Sam himself had seen grown men—hunters and trappers—fall under the anointed preaching of this man…   some as if they were truly dead; others, hardened men even, weeping like schoolchildren as the hound of heaven gave their souls chase.

“Will you tell me the wolf story again, Bishop?” Thomas was absent-mindedly playing with a toy, a miniature horse and wagon fashioned out of wood and straw; but his attention was focused on this man he adored.

“Which wolf story?” Francis asked.

“The one where you were chased.”

“Well, Thomas, more than one wolf in these colonies—excuse me, these states—has lusted after my flesh,” he chuckled.

“This would be a northern wolf, sir.”

“The northern wolf story you’re looking for, is it?” He smiled at Thomas and motioned for the boy to come and sit on his lap, which Thomas scurried to do, leaving his horse and wagon on the floor for more wonderful matters.
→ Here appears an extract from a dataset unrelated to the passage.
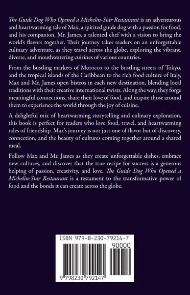 The Guide Dog Who Opened a Michelin-Star Restaurant is an adventurous and heartwarming tale of Max, a spirited guide dog with a passion for food, and his companion, Mr. James, a talented chef with a vision to bring the world's flavors together. Their journey takes readers on an unforgettable culinary adventure, as they travel across the globe, exploring the vibrant, diverse, and mouthwatering cuisines of various countries. From the bustling markets of Morocco to the bustling streets of Tokyo, and the tropical islands of the Caribbean to the rich food culture of Italy, Max and Mr. James open bistros in each new destination, blending local traditions with their creative international twists. Along the way, they forge meaningful connections, share their love of food, and inspire those around them to experience the world through the joy of cuisine. A delightful mix of heartwarming storytelling and culinary exploration, this book is perfect for readers who love food, travel, and heartwarming tales of friendship. Max's journey is not just one of flavor but of discovery, connection, and the beauty of cultures coming together around a shared meal. Follow Max and Mr. James as they create unforgettable dishes, embrace new cultures, and discover that the true recipe for success is a generous helping of passion, creativity, and love. The Guide Dog Who Opened a Michelin-Star Restaurant is a testament to the transformative power of food and the bonds it can create across the globe.
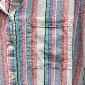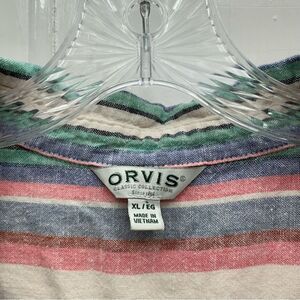 Orvis linen blend button down short sleeve blouse women's xl. pit to pit is 26.5 shoulder to hem 24.5 front 25.5 back.

“Better still, Bishop,” said Sam, “perhaps you could tell us your entire story.”

Murmurs of agreement came from Abigail and Nicholas.

“Entire?” Francis tousled Thomas’s curly locks. “Well, it’s not ‘entire’ yet,” he laughed, “but, yes, I can share some of my story with you.”
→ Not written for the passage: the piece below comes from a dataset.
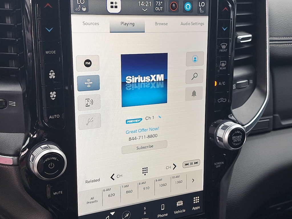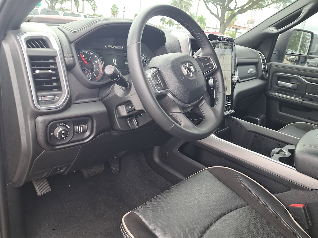 This Vehicle comes equipped with: Laramie Level 1 Equipment Group (12" Touchscreen Display, 4G LTE Wi-Fi Hot Spot, Alexa Built-In, Apple CarPlay, Auto Adjust In Reverse Exterior Mirrors, Auto Dim Exterior Mirror, Auto High Beam Headlamp Control, Auto Power-Folding Mirrors, Auto-Dimming Exterior Passenger Mirror, Blind Spot & Cross Path Detection, Center Hub, Chrome Exterior Mirrors, Connected Travel & Traffic Services, Connectivity - US/Canada, Disassociated Touchscreen Display, Exterior Mirrors Courtesy Lamps, Exterior Mirrors w/Heating Element, Exterior Mirrors w/Memory, Exterior Mirrors w/Supplemental Signals, Foam Bottle Insert (Door Trim Panel), For Details, Visit DriveUconnect.com, For More Info, Call 800-643-2112, Forward & Reverse Utility Lights, Front LED Fog Lamps, Global Telematics Box Module (TBM), Google Android Auto, GPS Antenna Input, GPS Navigation, HD Radio, Integrated Voice Command w/Bluetooth, LED Reflector Headlamps, LED Tail Lamps, Mirror Power Heat Fold Memory Tele, Mirror Running Lights, Off-Road Information Pages, ParkSense Front/Rear Park Assist System, Power Adjust Mirrors, Power Adjustable Convex Aux Mirrors, Power Adjustable Pedals w/Memory, Power Telescoping Mirrors, Radio: Uconnect 5 Nav w/12.0" Display, Rain Sensitive Windshield Wipers, Rear Power Sliding Window, Rear Window Defroster, Remote Tailgate Release, Selectable Tire Fill Alert, SiriusXM Radio Service, SiriusXM w/360L, Trailer Tow Pages, and Wheels: 18" x 8.0" Polished Aluminum), Protection Group (Tow Hooks), Quick Order Package 2HH Laramie, Sport Appearance Package (20" x 8.0" Polished Aluminum Wheels, Black Interior Accents, Body Color Grille Surround, Sport Decal, and Sport Performance Hood), 10 Speakers, 115V Auxiliary Rear Power Outlet, 2 Way Rear Headrest Seat, 220 Amp Alternator, 3.73 Axle Ratio, 4 Way Front Headrests, 4-Wheel Disc Brakes, 5th Wheel/Gooseneck Towing Prep Group, ABS brakes, Active Noise Control System, Air Conditioning, Alloy wheels, AM/FM radio: SiriusXM with 360L, Anti-Spin Differential Rear Axle, Apple CarPlay/Android Auto, Automatic temperature control, Brake assist, Bumpers: body-color, Compass, Delay-off headlights, Driver door bin, Driver vanity mirror, Dual front impact airbags, Dual front side impact airbags, Electronic Stability Control, Electronically Controlled Throttle, Front anti-roll bar, Front Center Armrest w/Storage, Front dual zone A/C, Front reading lights, Front Seat Back Map Pockets, Fully automatic headlights, Garage door transmitter, Heated door mirrors, Heated Front Seats, Heated front seats, Heated Steering Wheel, Heated steering wheel, High Back Seats, Illuminated entry, Leather steering wheel, Leather Trim 40/20/40 Bench Seat, Low tire pressure warning, Manufacturer's Statement of Origin, Navigation System, Occupant sensing airbag, Outside temperature display, Overhead airbag, Overhead console, Panic alarm, ParkView Rear Back-Up Camera, Passenger door bin, Passenger vanity mirror, Power 2-Way Driver Lumbar Adjust, Power 2-Way Passenger Lumbar Adjust, Power Adjust 8-Way Driver Seat, Power Adjust 8-Way Front Passenger Seat, Power door mirrors, Power driver seat, Power passenger seat, Power steering, Power windows, Radio data system, Rear 60/40 Folding Seat, Rear anti-roll bar, Rear reading lights, Rear seat center armrest, Rear step bumper, Remote keyless entry, Security system, Speed control, Split folding rear seat, Steering wheel mounted audio controls, Tachometer, Tilt steering wheel, Tip Start, Traction control, Trip computer, Turn signal indicator mirrors, Variably intermittent wipers, and VoltmeteR.

Francis settled back in his chair, made sure Thomas was comfortable and put a hand to his chin, reflecting on where to begin his tale. He could, of course, begin with his mother's revelation when he was a child. She had a vision that he would be a great preacher and she read Scripture to him one hour a day to prepare him for the task.
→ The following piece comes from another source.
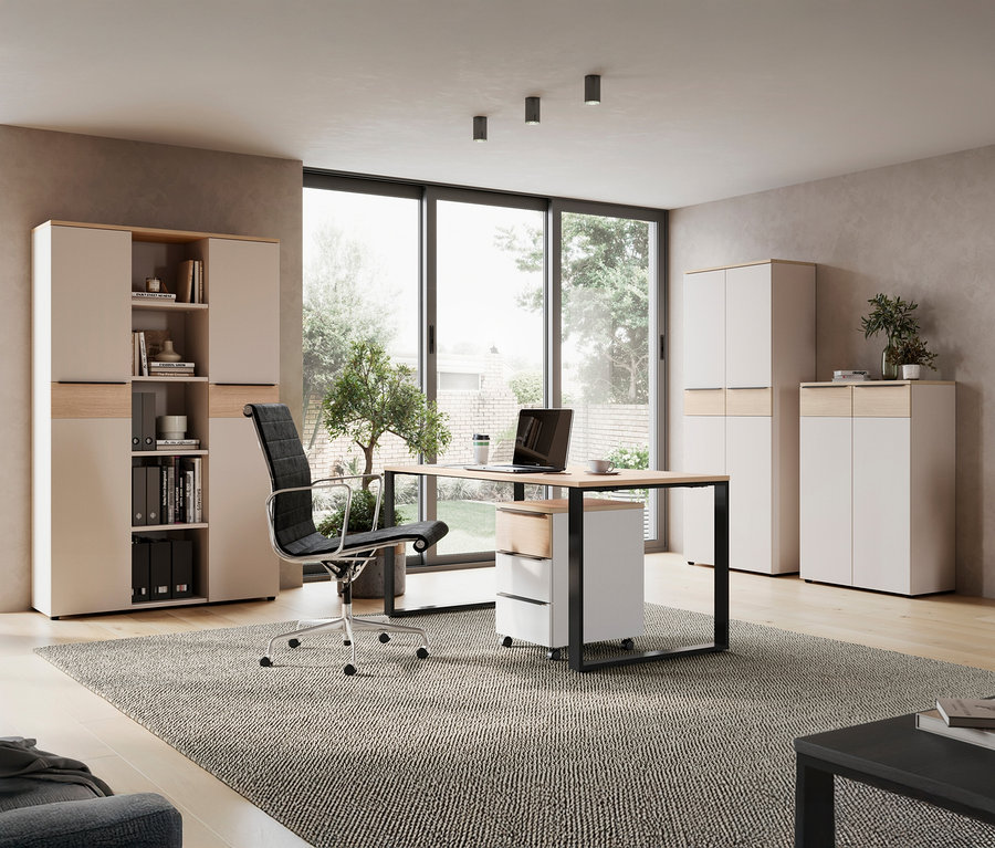 - Tischplatte Lindberg-Eiche-Nachbildung, Gestell schwarz

Or, he could start when he got saved as a waif of fifteen listening to the stirring preaching of Alexander Mather in Wednesbury in the Black Country of England. Oh, did Francis love the way Mather preached—so personally and confidently; the way he prayed—with feeling and without the use of a book; the way he and the other Methodists sang—with melody and fervor!

Or Francis could begin his story when he started giving Bible readings at his mother's women's meetings. Hm-m-m.

Or, perhaps he should begin with his first ten years of preaching, from the time he was sixteen, circuit-walking in England, giving up his job as a metalworker at the age of twenty-one to preach full-time.

No, they wanted to hear about his call to America. And that was a tale that began at the annual Methodist Conference in 1771.

“England!” he exclaimed, startling everyone in the room, even himself. And the memory returned to him as vividly as if it were unfolding before his eyes. He was no longer in this low-ceilinged, pioneer cabin, cozied about with friends before a fireplace. Rather, in a cavernous hall whose ceiling rose thirty, forty feet above him. Nearly elbow to elbow, men and women, dressed in their finery, sat enthralled at the preaching of John Wesley.